If games are rarely a good educative tool, game design can be. Designing a game requires to build the mathematical model behind it, and therefore to think of what theories are embedded in the model. We can build an interesting parallel with the teaching of writing and literature. In the US, the focus is on creative writing, something which has almost disappeared from French schools, replaced by an indigestible mix or rhetorics and old French classics, of pointless grammatical games and boring academics. The US system is certainly more efficient – even for learning to read and apperciate classics..

3) Loss of time and efficiency

Designing and finalizing a game, especially one with some educational pretense, requires much time. The school curricula are becoming every year longer and heavier – in part because governments don’t want teachers, and worst of all students, to have enough free time to think by themselves and discuss one with another the stuff they are learning.
Games make things even worse, because the time to learn the rules is taken from the time to learn the curricula.

The French school system, especially at high school level, rarely fosters autonomy. Computers are a great thing in school because, once the students master them – and they usually do already -, they can use them in different ways, research, exploration or more traditional written work.
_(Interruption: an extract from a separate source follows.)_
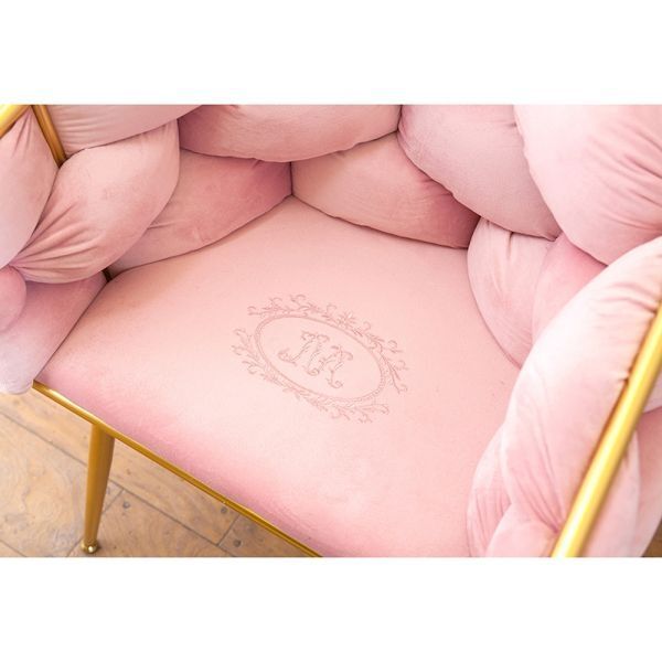 上品なデザインで、手触りの良いベルベット生地を使用しております。 座面中央にはそれぞれカラーごとに異なったアルファベットの刺繍が入っております。 お部屋のインテリアとしても、お客様用のイスとしてもとってもオシャレなアイテム。 組み立てはカンタン! 六角レンチが付属しておりますので足を取り付けるだけです。 |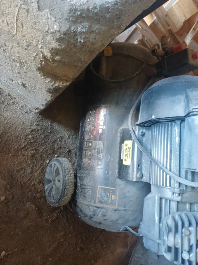 Compresor de aire con tanque. - Ruedas para fácil transporte. - Etiqueta de advertencia visible.

A student using a computer has some real autonomy, a student playing a game doesn’t, because he is far too enclosed in a very narrow frame by very precise rules. Schools need more toys – the computer is one – not more games.

Conclusion

We need a more playful school, not a more gamey one. Education would be better, more efficient, if it were more open-minded, pluralistic, chaotic, improvised – exactly the opposite of what structured games can – and probably will – provide. We need a school that makes students more conscious and responsible in the real world, not better at strategic thinking. School need less rules and less test scores, not more.

My games are designed to divert, to bring fun or intellectual challenge, but not to teach anything. Of course, one can learn some maths, especially divisions and prime numbers, playing Incan Gold, one can learn collaboration and the danger of alcohol playing Red November, one can learn to lie playing Mascarade, but that’s not the point, that’s not the goal of the game.

Terra is the only exception, the only deliberately pedagogic (and political) game I ever designed. It was for a good cause, sustainable development and all that stuff, so I could hardly decline to do it. It’s the game that granted me the most invitations to symposiums and conferences – but it didn’t sell that good, and I don’t think it was the most useful.